BDP co-chair Selehattin Demirtas in the interview on IMC-TV, 28 July 2013.

Why didn’t Selahattin Demirtas acknowledge the rejection of at least some of the families when he was interviewed about the meeting on IMC-TV? Why didn’t he say that yes, there were family members who absolutely didn’t want to meet Erdogan because of all the pain the massacre and the aftermath has caused? That not all of the few hundred family members feel exactly the same about this issue, and that this is very natural and understandable? I think that’s because it’s politically not the right moment.

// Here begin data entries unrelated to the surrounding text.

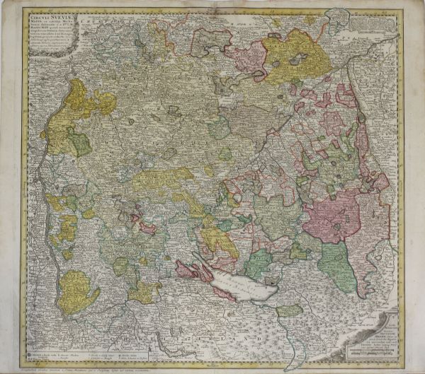 Circuli Sveviae Mappa ex subsidiis Michaliania delineata et a. D. I.M. Hasio [...] - Nürnberg: Homann Erben, 1743. _. Altkolorierter Kupferstich, Bildgröße 51, 5 x 54,5 cm, Blattgröße 53,5 x 61 cm. Altkolorierter Kupferstich von I. M. Hasio. Dargestellt ist die Landschaft Schwaben mit den angrenzenden Gebieten. In der linken oberen Ecke Titelkartusche, oben recht eine kleinere Kartusche mit lateinischem Text. Unten links eine Erklärung der verwendeten Symbole, unten rechts ein Meilenanzeiger. - Hasio ist Johann Matthias Hase, Mathematiker, Astronom, Kartograph und Geograph (1684 - 1742). - Am oberen Blattrand leichte Wasserflecken, den guten Gesamteindruck jedoch nicht beeinträchtigend.
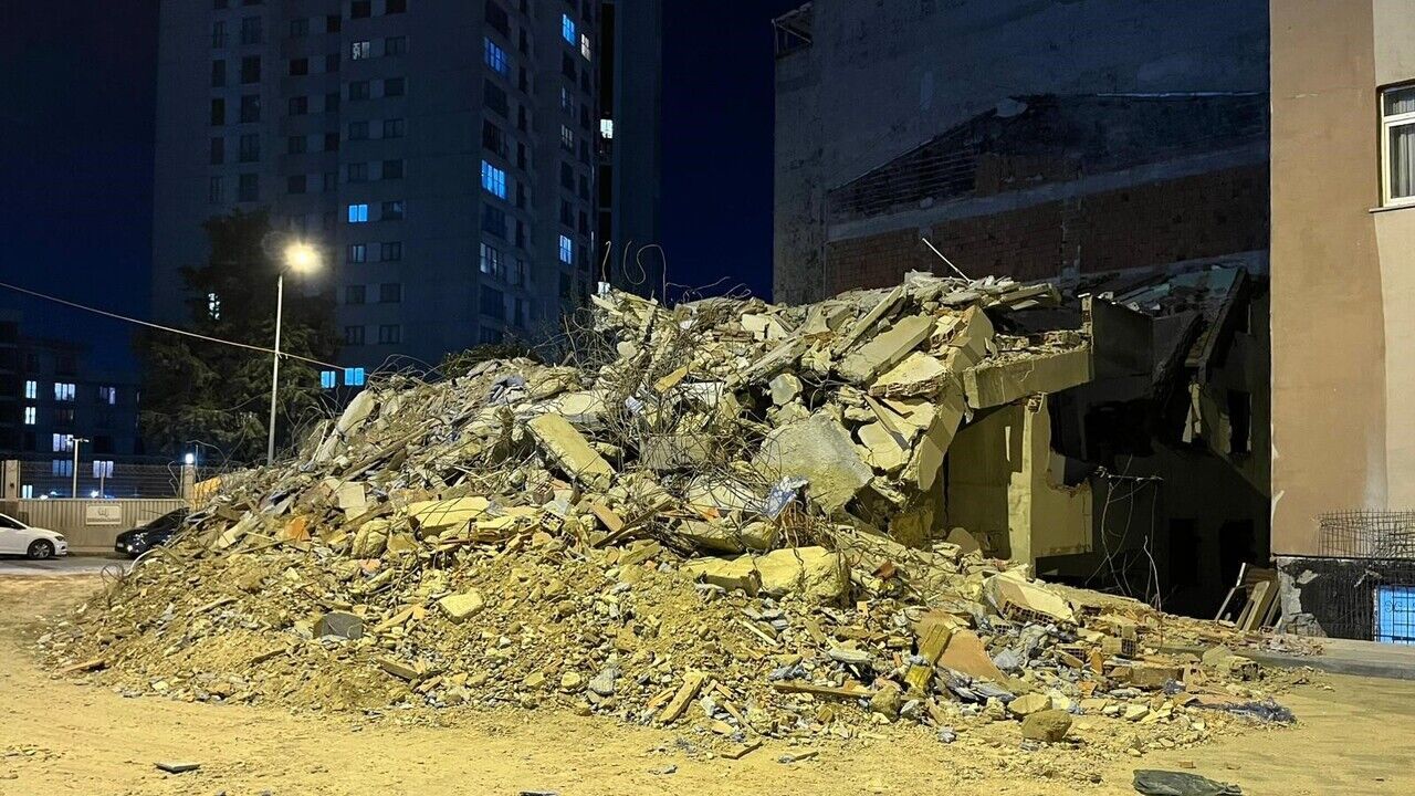 Bina toz bulutu arasında moloz yığınına dönüştü. Yıkım sırasında sokağın geçişe kapatıldığı öğrenildi.
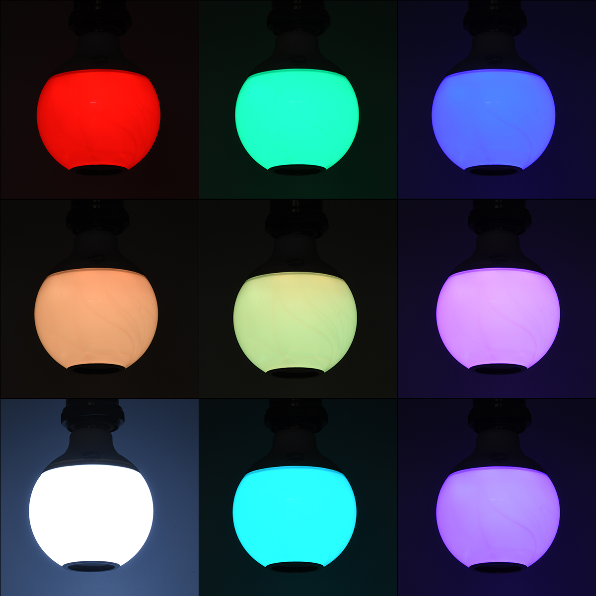GLOBOSTAR® RGBOO 76072 Λάμπα E27 G95 με IR Ασύρματο χειριστήριο & 3W Bluetooth Ηχείο LED 12W 780lm 260° AC 220-240V IP20 Πολύχρωμο RGBW Dimmable - Sanan SMD Chip - Μ13 x Π25 x Υ43cm - 2 Χρόνια Εγγύηση

I hope for at least some of the family members the meeting with Erdogan did serve a purpose. That they felt strong telling the Prime Minister right in his face about the tremendous pain he has caused, not only with the massacre that he is responsible for but also with the political games that have been played with it (read a blog post with an example here, in English) and the way they have been treated afterwards.

Military justice

But when it comes to the demands that the families have and that they do all agree on, nothing has been achieved: of course Erdogan did not reveal who ordered the massacre, who carried it out and why it happened, and he did not apologize for it either. Actually, he managed to add insult to injury, and told the people to be ‘patient’ and ‘trust in military justice’. (Note: there is a signature campaign against the case being referred to the military court, because people are afraid of a cover up when the military is being investigated by the military, but for now the campaign is in vain. Erdogan can change the law that permits the referral to a military court, but he doesn’t.)

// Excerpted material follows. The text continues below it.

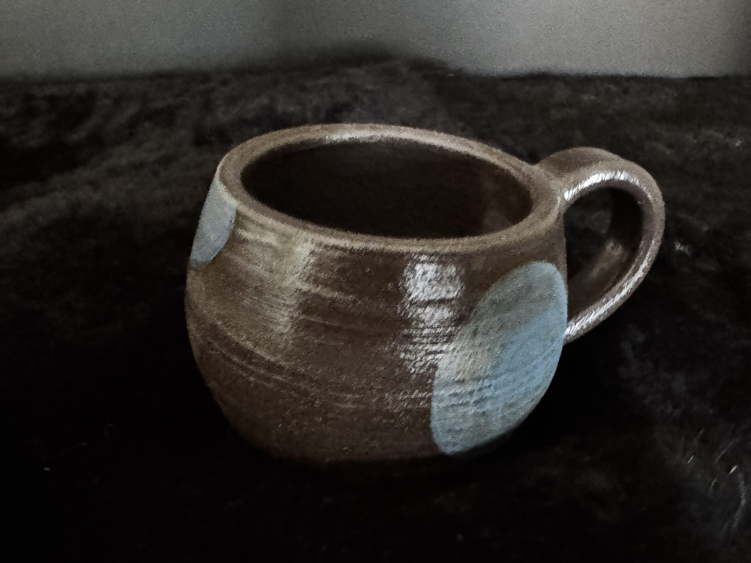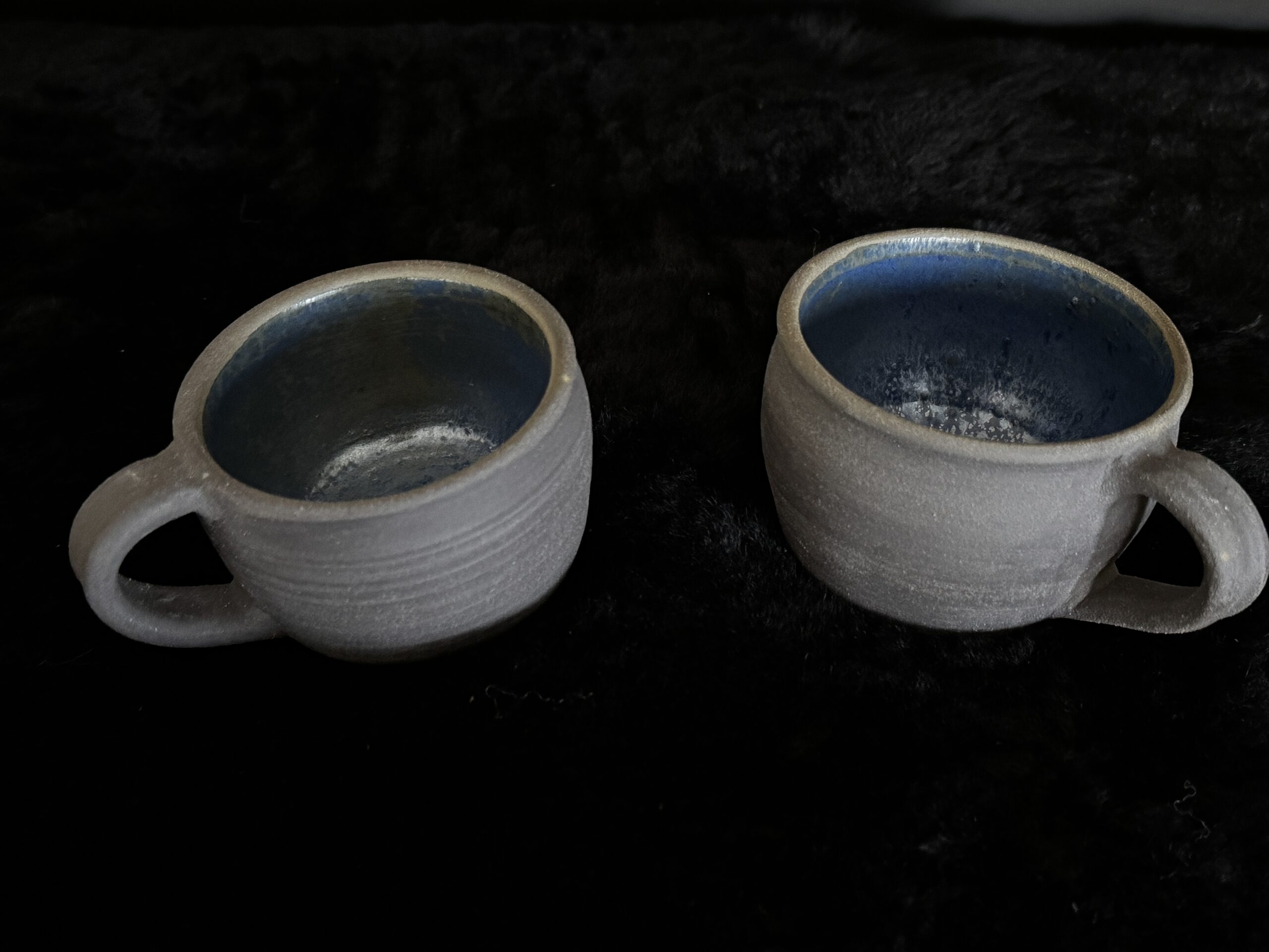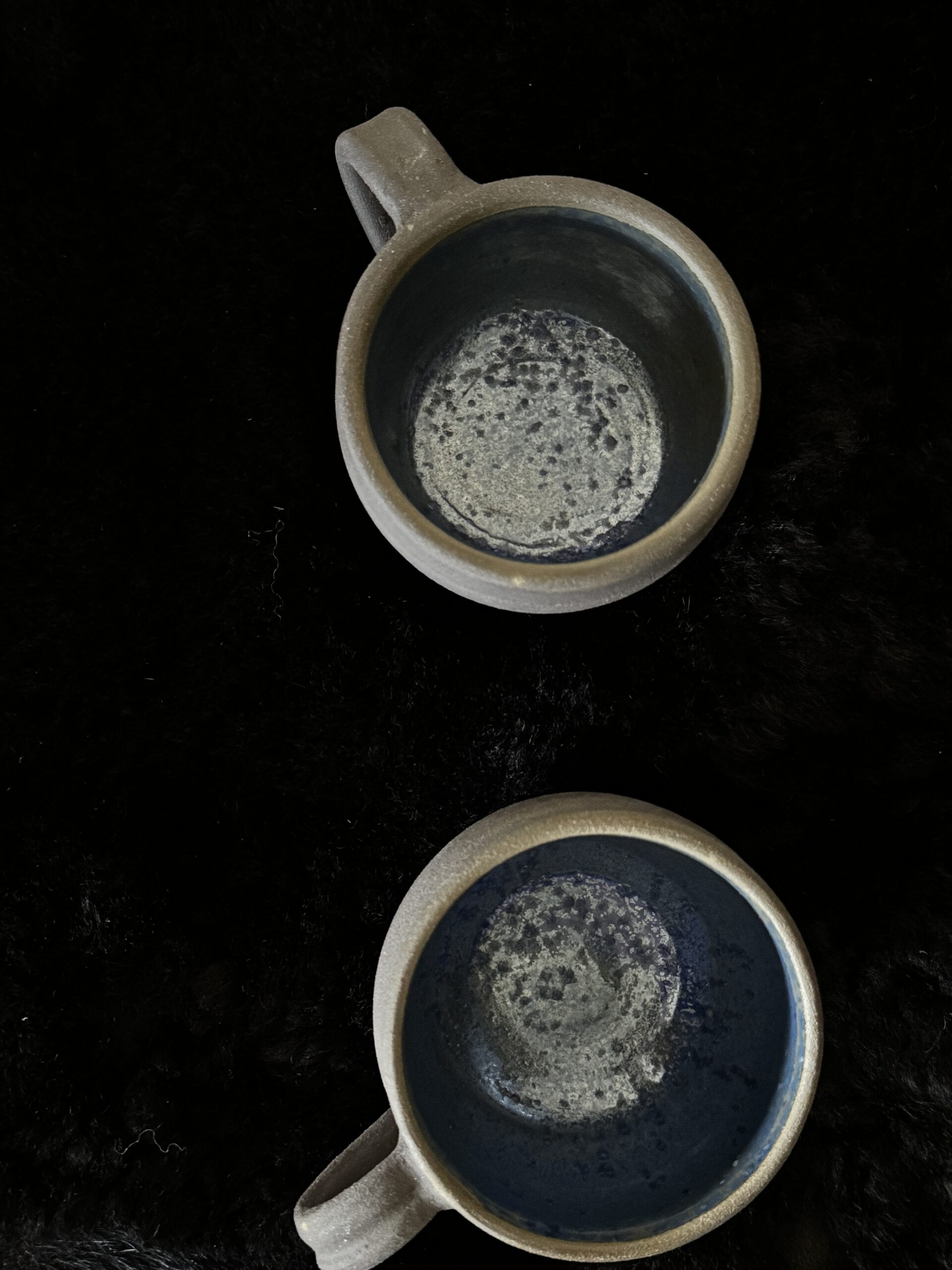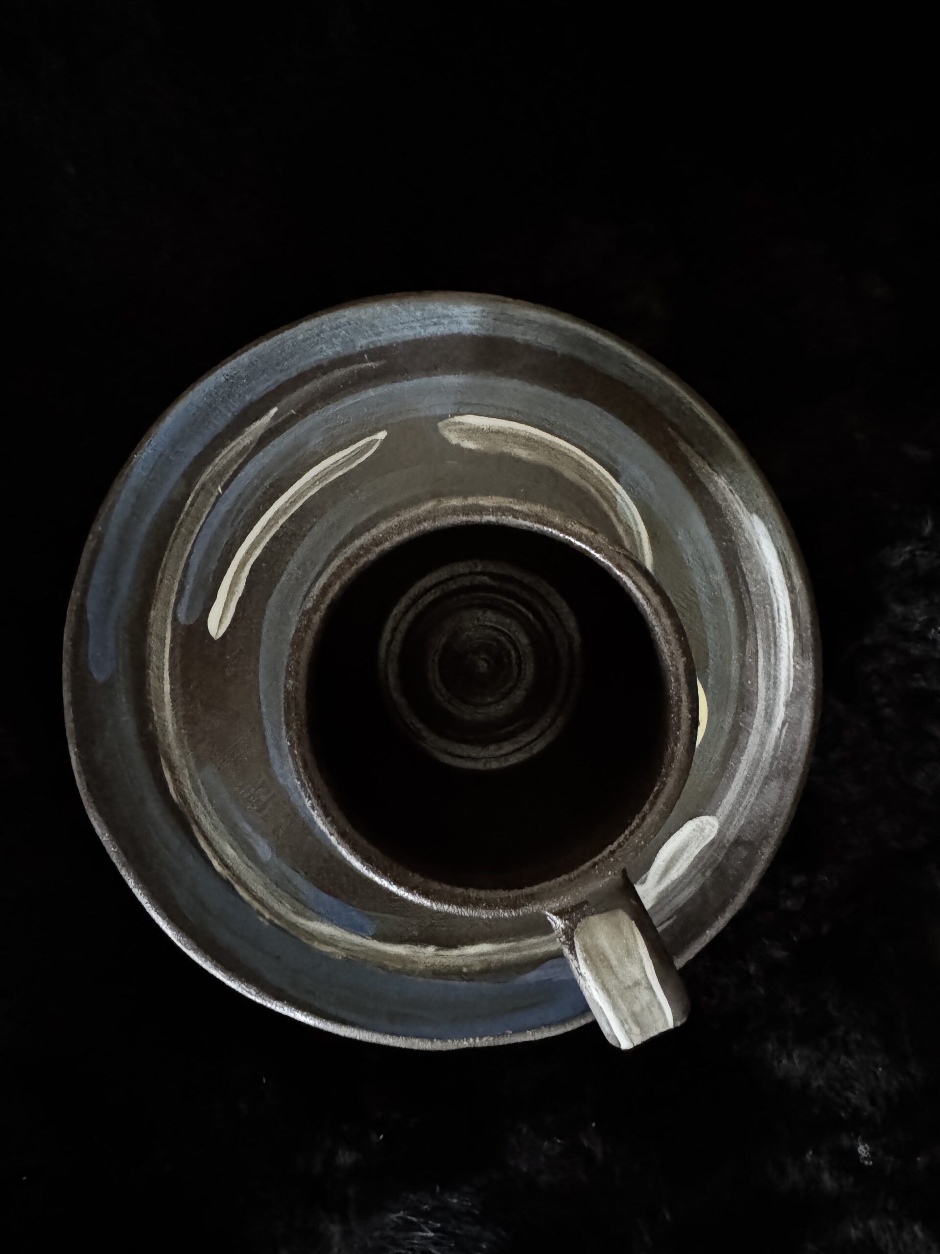 Kruus kuuma joogi nautimiseks, potikedral treitud, mustast savist, käsitsi maalitud angoobidega, erinevad, 1 mummudega, 1 triibuline, 2 seest sinakat Suurus: u 200-230ml Toidusõbralik

Maybe Erdogan’s meeting with the six family members will turn out to be the lead-up to an apology from Erdogan – there have been rumours about that for some time now. An apology would be big news and maybe it would help some family members in dealing with their sorrow, but in my humble opinion, it would mean nothing politically without a real investigation into the matter. And that will only be done when fundamental change is realized. Just as the real investigation into Bloody Sunday only started after the Good Friday Agreement was signed in Northern Ireland. Just as the Soweto Uprising was only truly investigated after apartheid was abolished in South Africa in the early nineties. Mind you, the investigation into Bloody Sunday started 26 years after it happened, the one into the Soweto Uprising twenty years afterwards. I wish for everybody but for the Roboski families in particular that Turkey’s rigorous break with the past is closer than decades away.

I wonder what will happen to the Kurdish identity when the lives of Kurds are no longer as cheap in Turkey as they are now. When they don’t need to be first and foremost Kurds anymore, with their V-sign in the air and with their necessary and never-ending demands for justice. When they are not seen anymore, including by their own political leaders, as above all a political entity.